April 25 (Bloomberg) -- Caterpillar Inc., the largest maker of construction and mining equipment, reported a gain in first- quarter revenue that missed analysts’ estimates as sales of construction equipment fell in China and Brazil.
Revenue climbed 23 percent to $16 billion, the Peoria, Illinois-based company said in a statement today. The average of 13 estimates compiled by Bloomberg was for $16.1 billion. Net income rose to $2.37 a share, beating the $2.13 average of 21 estimates. Caterpillar raised its full-year profit forecast while maintaining its projected 2012 revenue. The shares fell in pre-market trading in New York.
“They still reported a big number but lower than expected on near-term softness in China and Brazil,” Larry De Maria, a New York-based analyst for William Blair & Co. who recommends buying the shares, said in an interview. “There was no change to the topline guidance. People want to see the whole thing.”
Caterpillar said sales in developing nations this year will be lower than anticipated. China, the world’s largest user of metals and coal, in March cut its growth target to 7.5 percent for this year from 8 percent. Caterpillar’s sales of excavators there fell 51 percent in March from a year earlier, Jefferies & Co. said in an April 11 report that cited China Construction Machinery Association data.
Caterpillar fell 1.4 percent to $106.90 in New York at 8:50 a.m. before the start of regular trading.
The company maintained its full-year sales forecast of $68 billion to $72 billion. Caterpillar raised its full-year profit outlook to about $9.50 a share. That compares with the previous projection of $9.25, and the $9.57 average estimate of 22 analysts.
Caterpillar’s operational execution to increase profit from new sales has improved, said Joel Levington, managing director of corporate credit at Brookfield Investment Management Inc. in New York.
“The operating leverage Caterpillar achieved was better than we expected, and demonstrates improvement in their processes, which can help the company sustain earnings momentum,” Levington said in an e-mail.
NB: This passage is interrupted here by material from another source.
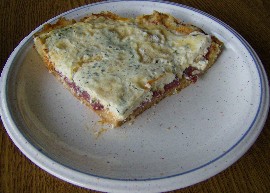 Ketchup drauf verteilen, mit Salamischeiben den Teig bedecken, Gauda drauf raspeln, Feta, Eier in der Milch pürieren, TK Kräuter dazu, und über den Gauda gießen. Deckel drauf, und bei Mittelhitze bis das Milchgemisch gestockt ist, backen.

Caterpillar is selling more excavators, dozers and dump trucks as U.S. construction spending recovers and the global mining industry boosts investment to meet projected commodities demand. The volume of construction machines sold in the U.S. as replacements for older models is still as much as 60 percent below the prior peak that ran from about 2005 to 2007, De Maria said.
U.S. construction spending was 6 percent higher in February compared with a year earlier, U.S. Census Bureau data show. The Architecture Billings Index remained above 50 for the fifth consecutive month in March, a positive sign for non-residential construction and equipment demand in late 2012, according to Karen Ubelhart, a New York-based analyst at Bloomberg Industries.
Caterpillar expects to see a “tail wind” from U.S. and European customers replacing aging machinery, Chief Financial Ed Rapp said in a Feb. 2 interview. The company is two years into a recovery in the business cycle, he said.
The average age of the North American construction equipment rental fleet is about 52 months, close to the peak of about 53 months, Barclays Plc said in an April 16 report. An estimated 200,000 units need to be bought annually to maintain that age, Barclays said.
Caterpillar’s construction unit’s sales gained 45 percent to $19.7 billion last year, accounting for 33 percent of total revenue, according to data compiled by Bloomberg.
Chief Executive Officer Doug Oberhelman has also bet on growth in mining with the $8.8 billion purchase in July of Bucyrus International Inc. that added drag lines and drills to Caterpillar’s product line. The company received Chinese approval on April 17 to buy Hong Kong-based underground coal- mining equipment maker ERA Mining Machinery Ltd. for as much as HK$6.89 billion ($890 million).
Mining capital expenditure will increase by 11 percent in the next 12 months, Citigroup Inc. said in an April 17 report that cited a survey of mining companies. The forecast from a survey in the previous quarter was for an increase of 15 percent, Citigroup said.
While expansion of metals consumption in China may slow, aluminum and copper use still will expand by 7.2 percent and 5.9 percent this year respectively, according to data compiled by Bloomberg Industries.
“We’re seeing strong global demand for most mining products and significant growth in replacement demand for products in the United States, which more than offset slowing in China and Brazil,” Caterpillar Chairman and Chief Executive Officer Doug Oberhelman said in the statement.
(Caterpillar will hold a conference call at 11 a.m. New York time. Dial +1-877-216-8554 or +1-973-528-0009 and use pass code 5621.)